Some journalists have noted that Li Hongzhi has suggested that paradises are racially segregated. The Falun Dafa Information Center acknowledged, "In one Falun Gong lecture, there is a brief passage that expressed a belief that different ethnicities—while all spiritually equal—have different, divine origins, each claiming their own heavens with which they have a corresponding relationship." Adding that it is an "extremely tangential aspect of Falun Gong's cosmology", the Center said: "Moreover, this passage can only be understood in light of Falun Gong’s teachings about the reincarnation and the transmigration of the soul, which is not bound to any particular race or ethnicity (e.g. a person may reincarnate into a Chinese family in one lifetime, and into a white, black, or interracial family in another). Far from encouraging racism or discrimination, these teachings actually discourage it: Falun Gong’s teachings emphasize the inherent divinity of all people, and are fundamentally incompatible with racial prejudice." Investigative journalist Ethan Gutmann noted that interracial marriage is common in the Falun Gong community.

On homosexuality

The founder taught that homosexuality makes one "unworthy of being human", creates bad karma, and is comparable to organized crime. He also taught that "disgusting homosexuality shows the dirty abnormal psychology of the gay who has lost his ability of reasoning", and that homosexuality is a "filthy, deviant state of mind." Li additionally stated in a 1998 speech in Switzerland that, "gods' first target of annihilation would be homosexuals." Although gay, lesbian, and bisexual people may practice Falun Gong, founder Li stated that they must "give up the bad conduct" of all same-sex sexual activity.
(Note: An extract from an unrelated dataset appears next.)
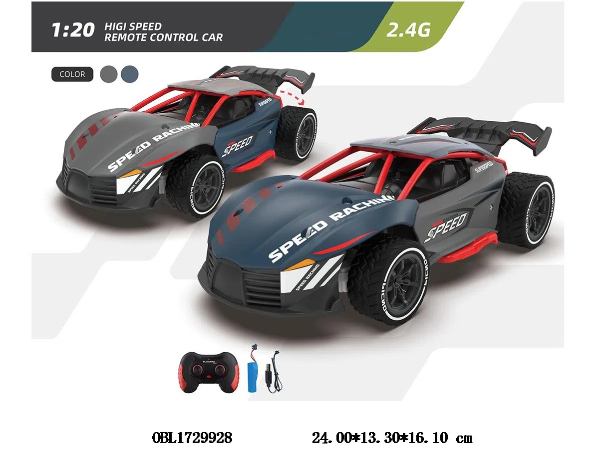 1:20遥控高速车 配USB线 车身3.7V锂电池包电 遥控器2AA不包电 2.4G频率 2色混装

Transformation and higher dimensions

Connected with Li's discussion of cultivation practice is the idea of "supernormal abilities" and "special powers" that the adherent is supposed to develop in the course of dedicated study. These are connected to Li's teachings on apparent higher-dimensional realities, which he says exist simultaneously and in parallel to the human dimension. Li teaches that supernormal powers are a by-product of moral transcendence, and are never sought after or to be employed for selfish intentions. He has said that there are up to 10,000 supernatural powers, though as Ownby says, has never listed them. Some of those he has discussed include the opening of the celestial eye, "which may enable practitioners to see into other spatial dimensions and/or through walls" according to Ownby, clairvoyance, precognition, levitation, and "the ability to transform one kind of object into another kind of object" according to Penny, among others.
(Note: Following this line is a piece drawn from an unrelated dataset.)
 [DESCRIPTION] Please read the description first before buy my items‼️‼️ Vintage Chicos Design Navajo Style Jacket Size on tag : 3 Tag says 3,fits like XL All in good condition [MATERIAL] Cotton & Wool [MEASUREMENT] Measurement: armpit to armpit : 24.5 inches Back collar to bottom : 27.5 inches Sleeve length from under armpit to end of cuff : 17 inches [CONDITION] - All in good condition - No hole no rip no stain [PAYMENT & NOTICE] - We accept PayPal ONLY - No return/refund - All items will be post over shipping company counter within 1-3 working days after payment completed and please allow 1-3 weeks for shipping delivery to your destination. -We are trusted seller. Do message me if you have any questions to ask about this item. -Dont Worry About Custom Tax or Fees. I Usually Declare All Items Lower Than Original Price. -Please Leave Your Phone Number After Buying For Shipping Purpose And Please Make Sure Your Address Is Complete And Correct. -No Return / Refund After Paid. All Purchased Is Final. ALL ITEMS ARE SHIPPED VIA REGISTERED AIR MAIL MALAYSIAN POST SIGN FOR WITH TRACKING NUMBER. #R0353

Penny says the practitioner is supposed to pass through various levels until he or she reaches the state of "cultivation of a Buddha's body".

David Ownby says that Li regards his discussion of multiple dimensions as a superior approach to knowledge and understanding. One of science's major shortcomings, according to Li, is its inability to detect multiple dimensions. "Li argues that the universe—and human understanding of the universe—exists at many different levels simultaneously and that the process of enlightenment consists of passing through these levels to arrive at ever more complete understandings." In this context, transformation is both physical and intellectual. The motor behind such transformation is individual moral practice, alongside cultivation under an orthodox master. Moral practice, says Ownby, is a necessary but not sufficient condition for cultivation and enlightenment. Individual moral practice burns karma and reduces suffering, but unless the individual is committed to an orthodox cultivation regime, they will not be able to break through the various "levels" and attain enlightenment and transformation. "What is required in this instance is a master, someone who has...the power to channel the moral behaviour and intentions of the practitioner in the proper direction." This leads to the oft-repeated phrase in Li's texts: "cultivation depends on oneself, gong depends on the Master" (修在自己,功在師父).

Sociologist Richard Madsen says "among the Falun Dafa practitioners I have met are Chinese scientists with doctorates from prestigious American universities who claim that modern physics (for example, superstring theory) and biology (specifically the pineal gland's functioning) provide a scientific basis for their beliefs. From their point of view, Falun Dafa is knowledge rather than religion, a new form of science rather than faith."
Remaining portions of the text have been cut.